1. The problem statement, all variables and given/known data
A 5.0-cm-diameter coil has 20 turns and a resistance of 0.50Ω. A magnetic field perpendicular to the coil is B=0.020t+0.010t^2, where B is in tesla and t is in seconds.

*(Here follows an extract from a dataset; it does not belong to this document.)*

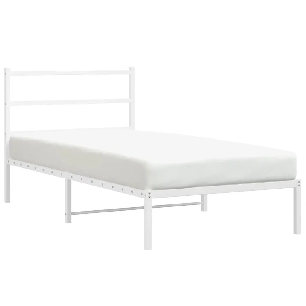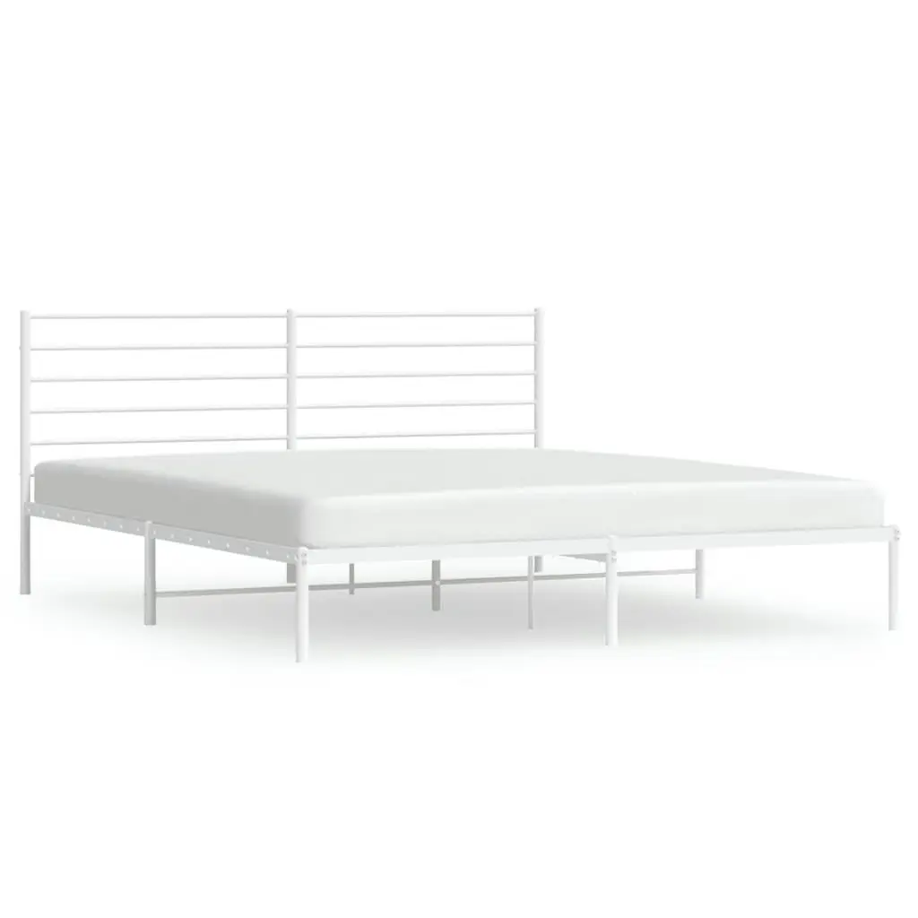 Vidaxl Bed Frame White Powder-Coated Steel Full Bed Frame Rectangular

Find an expression for the induced current I(t) as a function of time.

2. Relevant equations

3. The attempt at a solution

$$\varepsilon = \frac{d\phi}{dt}$$
$$\varepsilon dt = d\phi$$
$$\int\varepsilon dt = \int d\phi$$
$$\phi = (0.020t + .010t^2) * \pi r^2$$
$$\varepsilon \int dt = \int d\phi$$
$$\varepsilon t = \pi r^2 [ (1/2) (0.020t^2) + (1/3)(.010t^3)]$$
$$\varepsilon = \frac {I}{R}$$
$$I = \frac{\pi r^2 [ (1/2) (0.020t^2) + (1/3)(.010t^3)]}{tR}$$

2. Apr 22, 2017

TSny

OK, except you haven't taken into account that you have 20 turns in the coil.

Don't do this.

Use your expression $\phi = (0.020t + .010t^2) * \pi r^2$ in $\varepsilon = \frac{d\phi}{dt}$ along with the correction for the 20 turns.

3. Apr 22, 2017

BrainMan

So $$I = \frac{20\pi r^2 [ (1/2) (0.020t^2) + (1/3)(.010t^3)]}{R}$$

So like this?

4. Apr 22, 2017

TSny

No. The numerator in your expression for $I$ does not equal $\varepsilon$.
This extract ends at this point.